Sun Worshipper

An old science fiction novel called the sun “lifegiver.” Obviously true, because without the sun (exactly as it is and has been) there would be no life on Earth, never would have been any life on Earth, never you or me. If it went away this afternoon forever none of us would last long .

Science simply confirms what is intuitively obvious. Solar mythology has existed throughout history and surely long before. Sun dictates our lives, better or worse. At sunset it is normal to evaluate the events of the day, at sunrise it is easy to rejoice .

The sun commands an austere respect. Its location and path cannot _ even in the most fevered visions – be changed with prayer or other magic. Asking it for rain is futile – better to beg clouds – even though without solar evaporation there would be no rain ever .

Now we are ” sophisticated.” We create light in darkness. We know the sun is “just” fusion energy. Some of us concentrate on more important things (like the internet) and ignore it except on special occasions .

A lot of the time, the sun helps me concentrate my exaltation in being conscious.

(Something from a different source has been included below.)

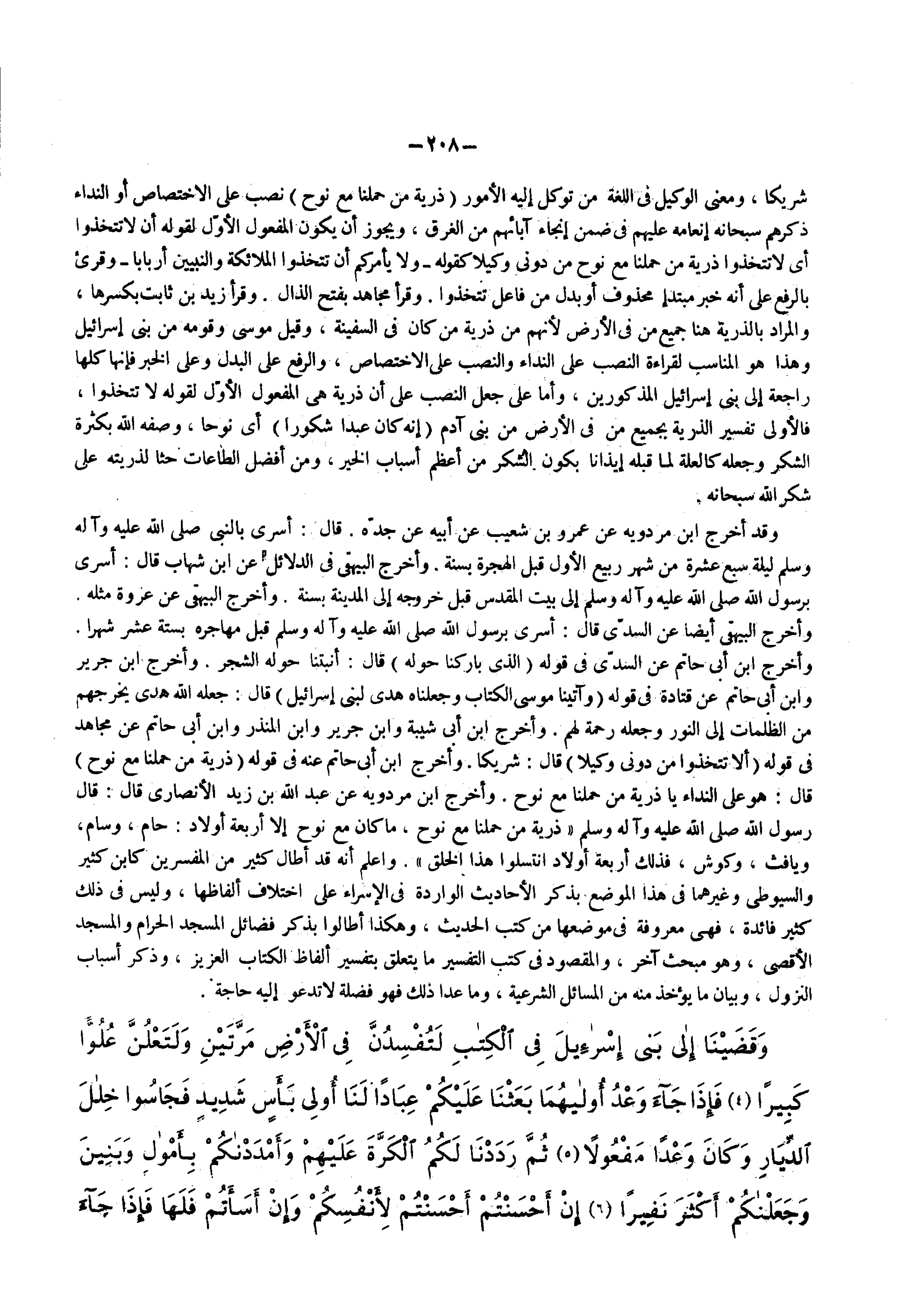 وقد أخرج ابن مردويه عن عمرو بن شعيب عن أبيه عن جده قال أسرى بالنبي ( صلى الله عليه وسلم ) ليلة سبع عشرة من شهر ربيع الأول قبل الهجرة بسنة وأخرج البيهقي فى الدلائل عن ابن شهاب قال أسرى برسول الله ( صلى الله عليه وسلم ) إلى بيت المقدس قبل خروجه إلى المدينة بسنة وأخرج البيهقي عن عروة مثله وأخرج البيهقي أيضا عن السدي قال أسرى برسول الله ( صلى الله عليه وسلم ) قبل مهاجره بستة عشر شهرا وأخرج ابن أبي حاتم عن السدي فى قوله ) الذي باركنا حوله ( قال أنبتنا حوله الشجر وأخرج ابن جرير وابن أبي حاتم عن قتادة فى قوله ) وآتينا موسى الكتاب وجعلناه هدى لبني إسرائيل ( قال جعله الله هدى يخرجهم من الظلمات إلى النور وجعله رحمة لهم وأخرج ابن أبي شيبة وابن جرير وابن المنذر وابن أبي حاتم عن مجاهد فى قوله ) ألا تتخذوا من دوني وكيلا ( قال شريكا وأخرج ابن أبي حاتم عنه فى قوله ) ذرية من حملنا مع نوح ( قال هو على النداء يا ذرية من حملنا مع نوح وأخرج ابن مردويه عن عبد الله بن زيد الأنصاري قال قال رسول الله ( صلى الله عليه وسلم ) ذرية من حملنا مع نوح ما كان مع نوح إلا أربعة أولاد حام وسام ويافث وكوش فذلك أربعة أولاد انتسلوا هذا الخلق واعلم أنه قد أطال كثير من المفسرين كابن كثير والسيوطي وغيرهما فى هذا الموضع بذكر الأحاديث الواردة فى الإسراء على اختلاف ألفاظها وليس فى ذلك كثير فائدة فهي معروفة فى موضعها من كتب الحديث وهكذا أطالوا بذكر فضائل المسجد الحرام والمسجد الأقصى وهو مبحث آخر والمقصود فى كتب التفسير ما يتعلق بتفسير ألفاظ الكتاب العزيز وذكر أسباب النزول وبيان ما يؤخذ منه من المسائل الشرعية وما عدا ذلك فهو فضلة لا تدعو إليه حاجة

I try not to take it – or anything else – for granted. It is a wonderful aspect of the universe on which to center. And it demands nothing more – or less – then that I be enchanted with being .

Lifegiver indeed .

Mercenary “Warriors” 

It’s a truism that the military always prepares for the last war. A new element is that our current leaders want to prepare for war as depicted in movies and video games. Manly men who can savagely destroy all opposition with increasingly massive personal weaponry .

Of course we’re not quite sure what the “last war” was for the US, but we didn’t seem to win it. On the other hand, the Ukraine conflict seems to prove that any tween in her city bedroom can wipe out a squad of bazooka toting cowboys with a remote drone strike .

And if a “real war” starts, both the cowboys and tween are one nuclear blast – delivered hypersonically – away from oblivion .

But manly men want jobs and the military life seems to fit a certain psychology. The problem is that building an elite group of well-paid volunteers (aka mercenaries) who follow politics – which seems to be the current goal of the administration – will surely lead _ as it always does (witness the Praetorians, Mamalukes, Janissaries) _ to that cadre getting rid of leaders they don’t like (i.e who don’t pay them enough .)

Obviously, I am hardly a fan of manly men syndrome. But personal squeamishness aside, I just think the idea is ineffective, historically inaccurate, stupid, and based on adolescent male fantasies .

Idiot Savant

The classic “idiot savant” is an individual whose brain is wired differently. Brilliant at something – math is a frequent example – but unable to shop for food. We have expanded the idea into “spectrum” to account for the fabulous complexity of human consciousness, but the idea remains useful .

Thus I imagine a new breed of idiot savant, less based on basic brain wiring (although of course genetics may be strongly involved), and more on shallow but focused training. Such a person can become rich and even powerful, but treats other people as if they did not exist – or rather exist only as other objects like rocks or bacteria. Because of such focus, that idiot may have undue influence on society. Like any other amoral cripple, that person may have disastrous effects on everyone else.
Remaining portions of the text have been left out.